The winery also produces the second wines, Virginie de Valandraud and 3 de Valandraud, and the Kosher wine Château Valandraud Kosher.

==History==
In 1989 Jean-Luc Thunevin and his wife Murielle Andraud bought a 0.6 ha plot in Saint-Émilion near Château Pavie-Macquin. Further plots in the region were acquired over the years, in locations such as Saint-Sulpice-de-Faleyrens and Saint-Étienne-de-Lisse, and a former garage to be used as a winery, releasing the first vintage in 1991 of 1,500 bottles priced at €13. Exemplified as a typical "microchâteau", Thunevin is closely associated with the "garagiste" movement, and the wine is described as the pioneer "Vin de garage". In 1995, Valandraud was given a better rating by Robert Parker than Château Pétrus, and by 1997 the Valandraud bottle price was set at €91. The 2005 vintage was set at €165.
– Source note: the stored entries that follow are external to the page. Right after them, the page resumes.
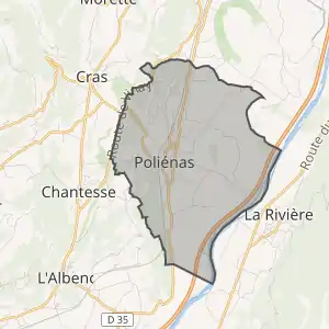 - Розташування муніципалітету Польєна на мапі Франції та сусідні муніципалітети
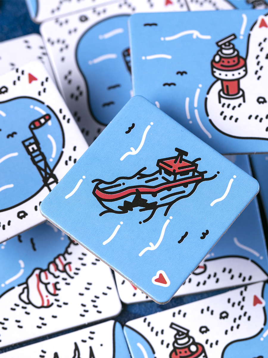 6 деревянных фишек — фигурки кораблей и, при необходимости, специальные маркеры для некоторых эффектов (например, ветрогенераторов).
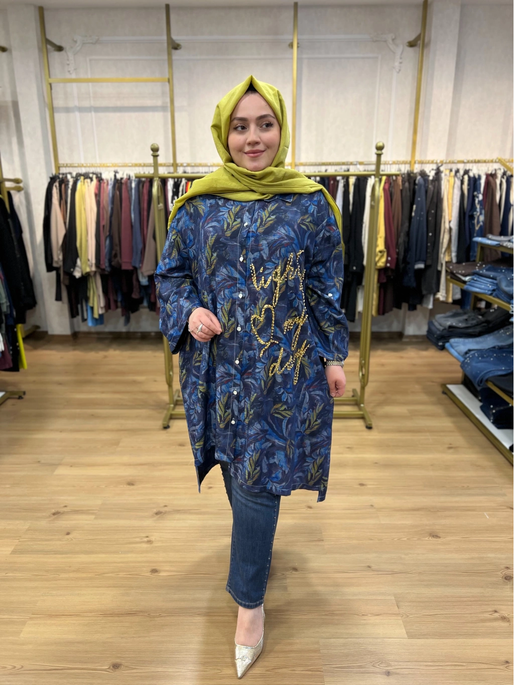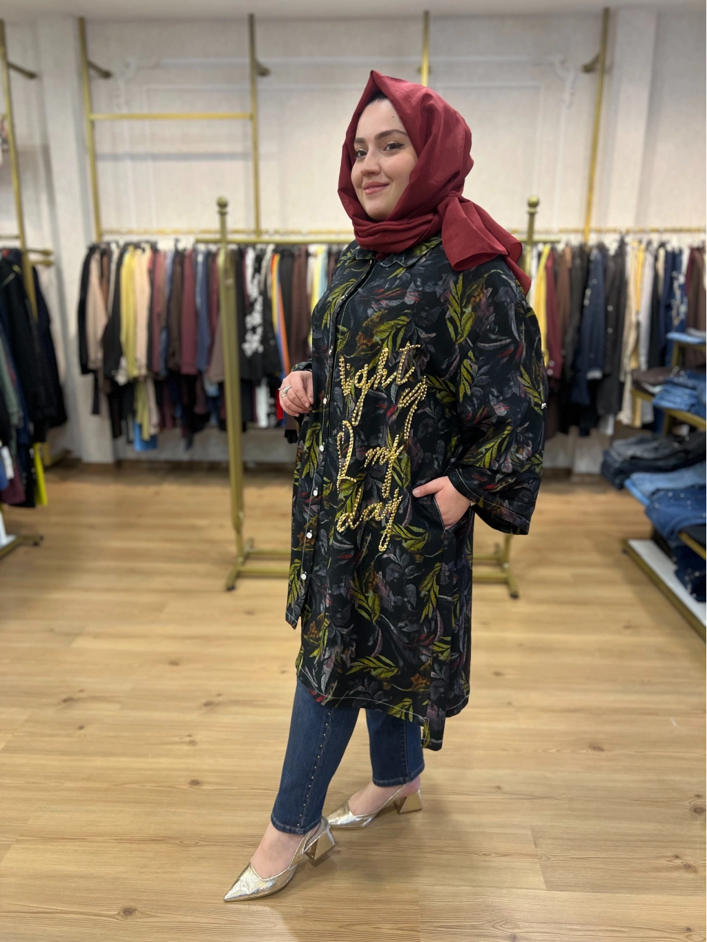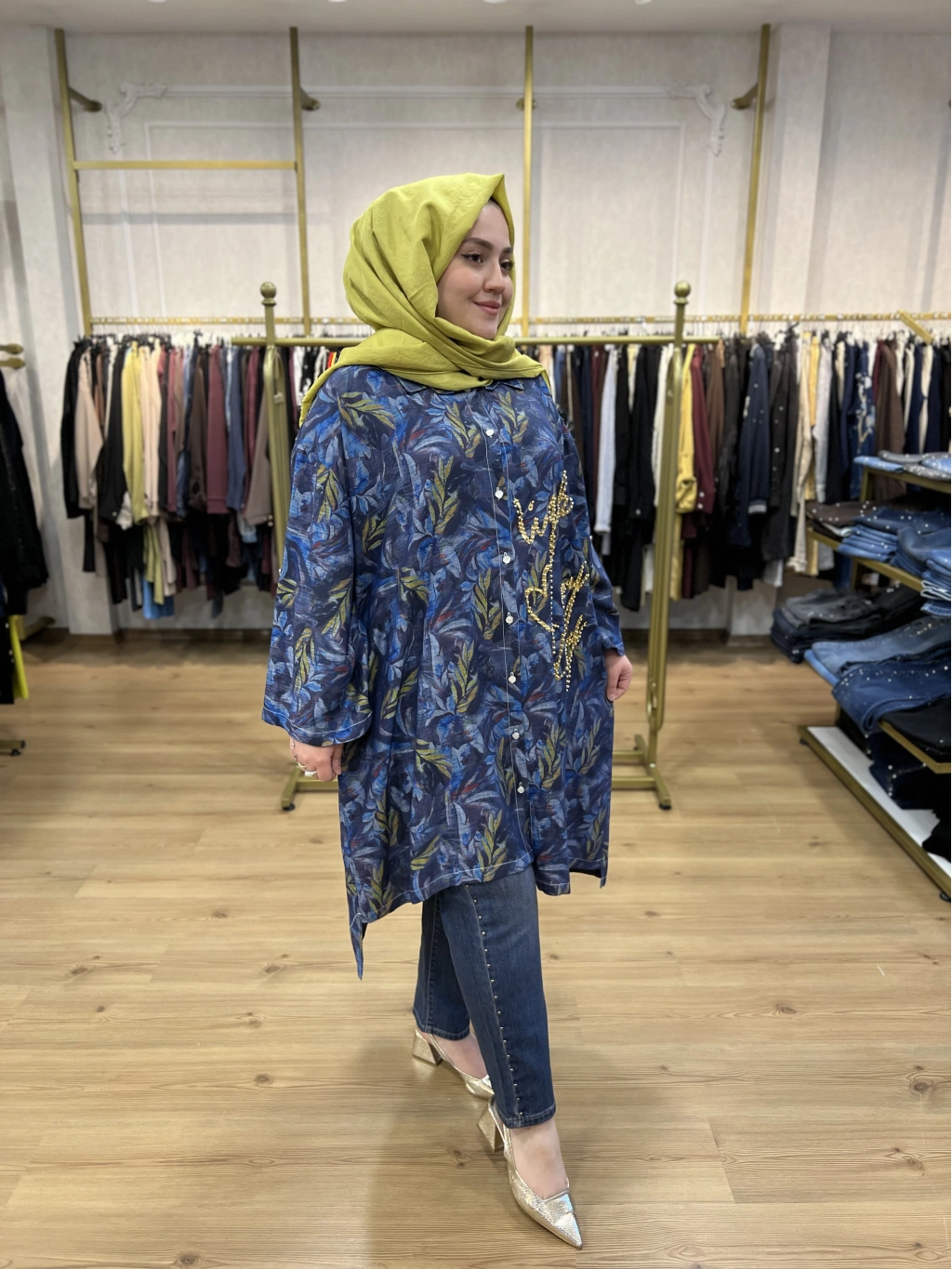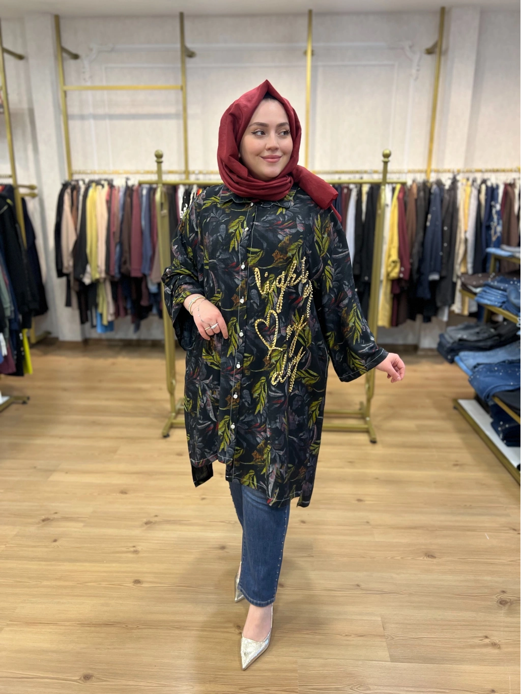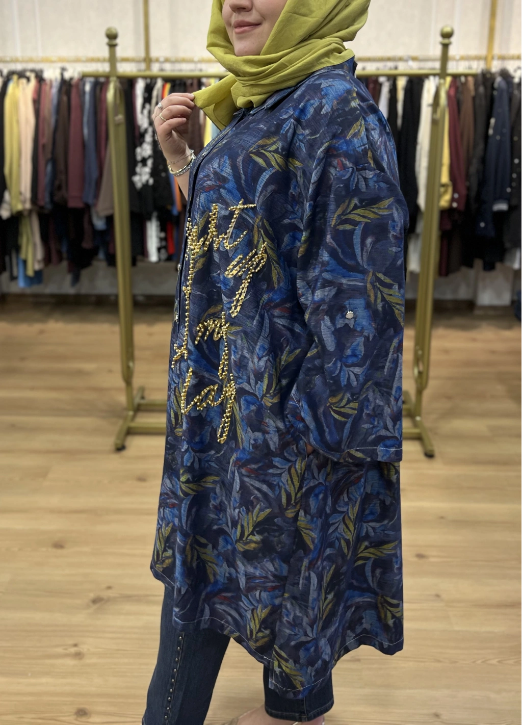 İTHAL BÜYÜK BEDEN Gold Zımba ve Yazılı Pamuk Gömlek

The Thunevins have since taken on several projects, including the first "garage wine"' of Médoc, Marojallia, and acting as négociant distributor for several estates from Bordeaux, Languedoc-Roussillon and elsewhere, including Château Ausone, Gracia, Harlan Estate and Dominio de Pingus.

Jean-Luc Thunevin is among the wine personalities satirised next to Robert Parker in the 2010 bande dessinée comic book, Robert Parker: Les Sept Pêchés capiteux.

==Production==
The vineyard area currently extends 4.5 ha, with the grape varieties composed of 65% Merlot, 30% Cabernet Franc, 5% Cabernet Sauvignon and 5% Malbec. The annual production of the Grand Vin is typically 15,000 to 20,000 bottles.

Other labels produced include the Virginie de Valandraud, 3 de Valandraud, Château Valandraud Kosher, Blanc de Valandraud N° 1 and N° 2, Bad Boy, and the declassified non-vintage vin de table L’Interdit de V……d which was not allowed by INAO to vintage date the 2000 harvest or be designated as a Saint-Émillion wine.